= Head and Neck Cancer Alliance =

U.S. nonprofit organization

The Head and Neck Cancer Alliance (HNCA) is a non-profit organization that works with health professionals and organizations, celebrities and survivors to enhance the overall effort in prevention, treatment, and detection of cancers of the head and neck region.

The Head and Neck Cancer Alliance was established in 2008. Formerly the Yul Brynner Head and Neck Cancer Foundation, HNCA activities include:
•	Providing support to head and neck cancer patients throughout the year
•	Supporting ongoing research in head and neck oncology
•	Educating children and adults in the disease process, treatment and prevention of head and neck cancer

In addition to year-round events and awareness efforts such as benefit concerts and walkathons, the Alliance sponsors a week-long series of events to promote early detection and public awareness of this disease.

==Head and neck cancer==
Cancers of the mouth (lip and tongue), larynx (voice box), pharynx (throat), salivary glands, and nose/nasal passages are generally known as head and neck cancer. These cancers typically form in the squamous cells, which are the cells lining the moistened, mucosal locations of the head and neck, such as the nose, mouth and throat.
Such squamous cell cancers are usually termed, squamous cell carcinoma of the head and neck or head and neck squamous-cell carcinoma (HNSCC). HNSCC typically occurs among middle-aged to elderly adults, but increased diagnoses of HNSCC in people under the age of 45 has been reported in recent years.
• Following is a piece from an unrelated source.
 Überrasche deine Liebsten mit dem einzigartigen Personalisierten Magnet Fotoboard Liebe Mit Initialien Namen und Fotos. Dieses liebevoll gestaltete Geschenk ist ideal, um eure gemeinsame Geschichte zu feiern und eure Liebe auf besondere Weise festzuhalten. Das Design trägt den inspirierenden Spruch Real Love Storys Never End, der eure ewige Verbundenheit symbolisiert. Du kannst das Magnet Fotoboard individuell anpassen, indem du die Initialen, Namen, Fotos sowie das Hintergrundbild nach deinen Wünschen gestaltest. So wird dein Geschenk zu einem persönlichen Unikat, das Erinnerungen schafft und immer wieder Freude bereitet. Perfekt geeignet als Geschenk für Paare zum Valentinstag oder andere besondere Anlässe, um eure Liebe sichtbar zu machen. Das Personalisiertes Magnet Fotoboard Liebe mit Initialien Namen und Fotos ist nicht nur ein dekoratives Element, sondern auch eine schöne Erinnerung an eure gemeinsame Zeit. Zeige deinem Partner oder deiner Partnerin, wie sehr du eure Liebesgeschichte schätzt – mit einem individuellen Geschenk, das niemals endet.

==Oral, Head and Neck Cancer Awareness Week==
Annual Oral Head and Neck Cancer Awareness Week is in April and the date moves yearly. For one week during April, chapters of The Head and Neck Cancer Alliance and affiliates conduct free screenings, educational school talks, walkathons, fundraisers and other events in an effort to save lives via early detection, awareness, support, and education. Chapters all across the country participate in awareness events to help increase knowledge of head and neck cancer; one such chapter is the Louisiana Chapter, which has the main focus of conducting research to raise funding for treatment of local head and neck cancer patients.

===Screening===

The stage of the disease is a determining factor in deciding the prognosis of head and neck cancer. There is a correlation between disease stage, survival and quality of life. The median five-year survival drops significantly from about 80% with the presence of regional or distant metastasis.
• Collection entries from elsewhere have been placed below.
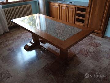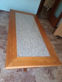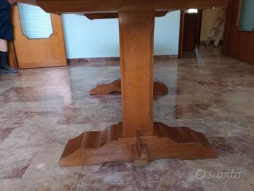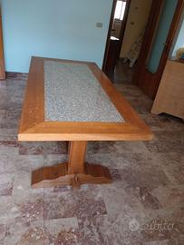 Tavolo Fratino con Gambone ad "Asso di Coppe", tutto in legno di Rovere Massiccio con Piano in Marmo in ottime condizioni come da fotografie molto bello comodo e pratico
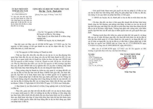 Theo Công văn số 4700/UBND-KTN ngày 19/7 của UBND tỉnh Quảng Nam gửi các Sở, ngành như Sở Tài nguyên và Môi trường; Sở Kế hoạch và Đầu tư; Sở Xây dựng; Ban Quản lý các Khu kinh tế và Khu công nghiệp tỉnh; UBND các huyện, thị xã, thành phố. UBND tỉnh Quảng Nam yêu cầu các đơn vị liên quan, các địa phương theo dõi, đôn đốc thực hiện các kết luận thanh tra, kiểm tra việc chấp hành các quy định của pháp luật về đất đai đối với các dự án chậm tiến độ đầu tư, chậm đưa đất vào sử dụng.
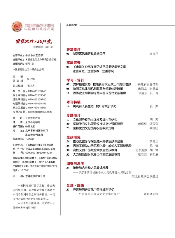 2025年3月1日,市政研会党组书记、常务副会长、一级巡视员陈清同志署名的理论文章《思政工作助力防范和化解生成式人工智能风险》,在中国思想政治工作研究会《思想政治工作研究》杂志2025年第3期公开发表。该文章系市政研会2024年度自研重点课题“发挥思想政治工作优势 防范和化解生成式人工智能风险”研究成果的一部分。陈清同志牵头组成课题组,带队赴北京市经信局、北京信息化协会等单位开展调研,通过座谈会的方式了解生成式人工智能产业发展现状、未来趋势和可能带来的风险挑战,通过线上线下多渠道对北京市机关企事业单位、农村、高校、社区进行问卷调查,了解首都社会各界对生成式人工智能的认知情况,并结合北京实际,就发挥思想政治工作优势、推动生成式人工智能安全向善发展提出意见建议。
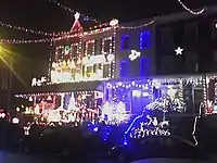 In Baltimore, Maryland, Miracle on 34th Street is a display of holiday lights that takes place annually on the 700 block of 34th Street (between Chestnut Avenue and Keswick Road in Baltimore's Hampden community. The display, which involves the residents of most of the houses on the block (with three-story rowhouses on the north side of the street and two-story ones with second-floor bay windows on the south side), started in 1947 (the same year that its namesake movie debuted), and takes place between late November and late December.[1] The location becomes a major attraction for visitors from all over the area.[2]
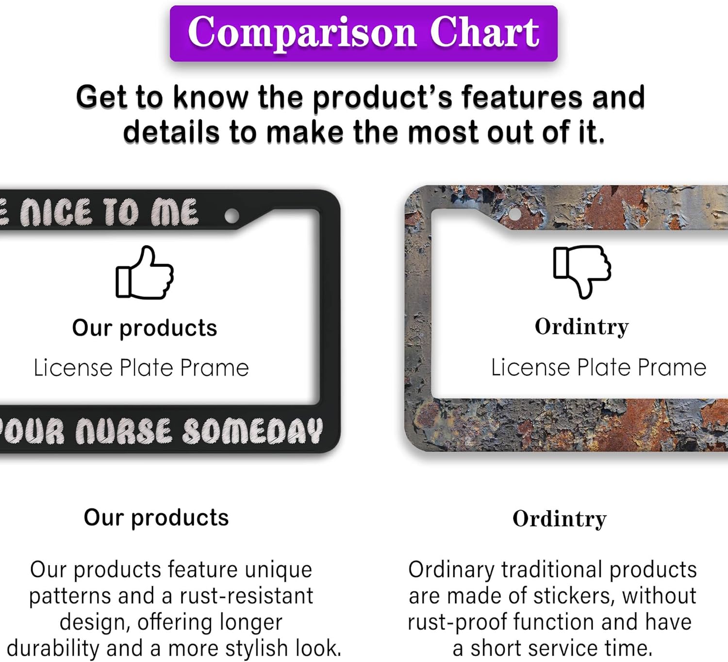 - FUNNY DESIGN: Featuring a unique and customized design, this license plate frame creates an eye-catching and bold statement for your vehicle. Not only does it add a touch of personality to your car, but it also makes for a great holiday gift, souvenir, or decorative piece for family, friends, and colleagues. Elevate your vehicle's style while sharing a laugh!

Nearly 8000 people die every year due to head and neck cancer, which is attributed to advanced stage disease at the time of diagnosis. Early detection is imperative for increasing chances of survival. Free screening clinics for head and neck cancers during Oral, Head and Neck Cancer Awareness week, sponsored by the Head and Neck Cancer Alliance, provides opportunities for earlier diagnosis of malignant cancer.
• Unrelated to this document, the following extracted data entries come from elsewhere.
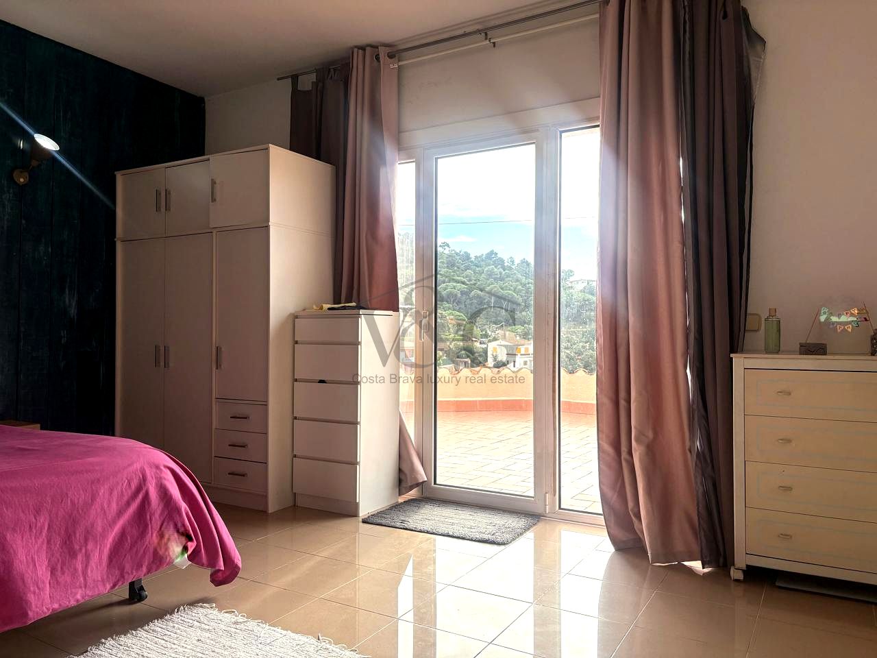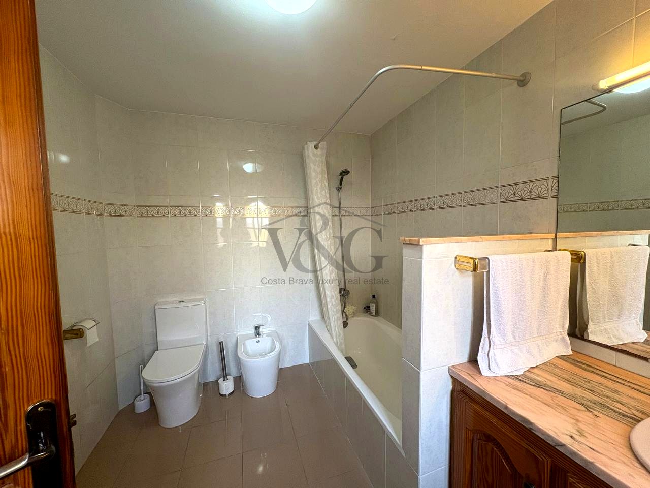 Acceso interior al ático/penthouse con baño completo y una espectacular terraza-solarium con vistas panorámicas al castillo de Begur y al mar
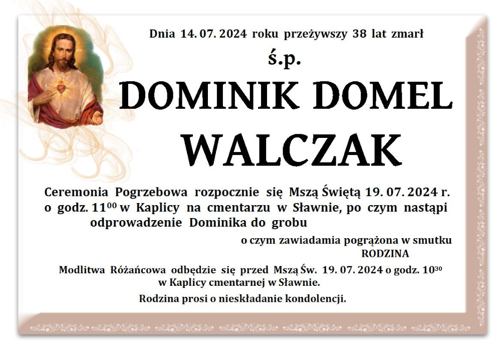 Z głębokim smutkiem zawiadamiamy o śmierci Dominika Walczaka
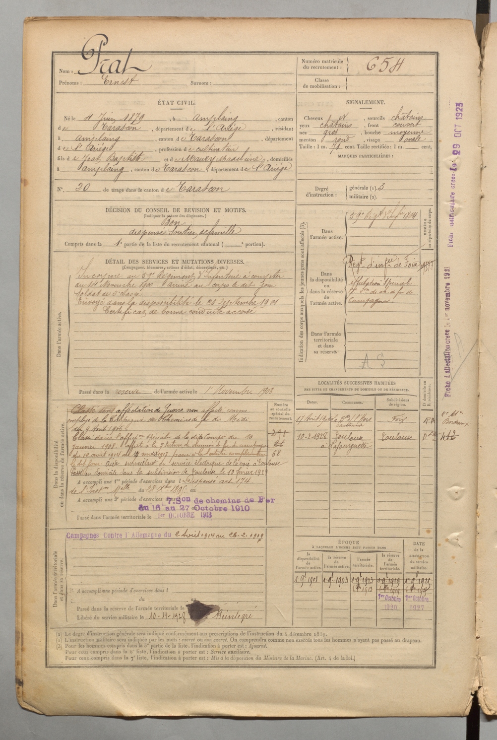 | Prat | Ernest | FOIX | 1 R 457 | 1899 | Amplaing | Amplaing | 654 |

Screenings for oral, head and neck cancer are generally available via local physicians, dentists and other healthcare facilities. The Head and Neck Cancer Alliance offers free screenings nationwide; free screenings are offered predominantly during Oral, Head and Neck Cancer Awareness Week in April at healthcare events and other related functions.
The Head and Neck Cancer Alliance has also developed Head and Neck Check, a free iPad app to assist people with screening themselves for head and neck cancer.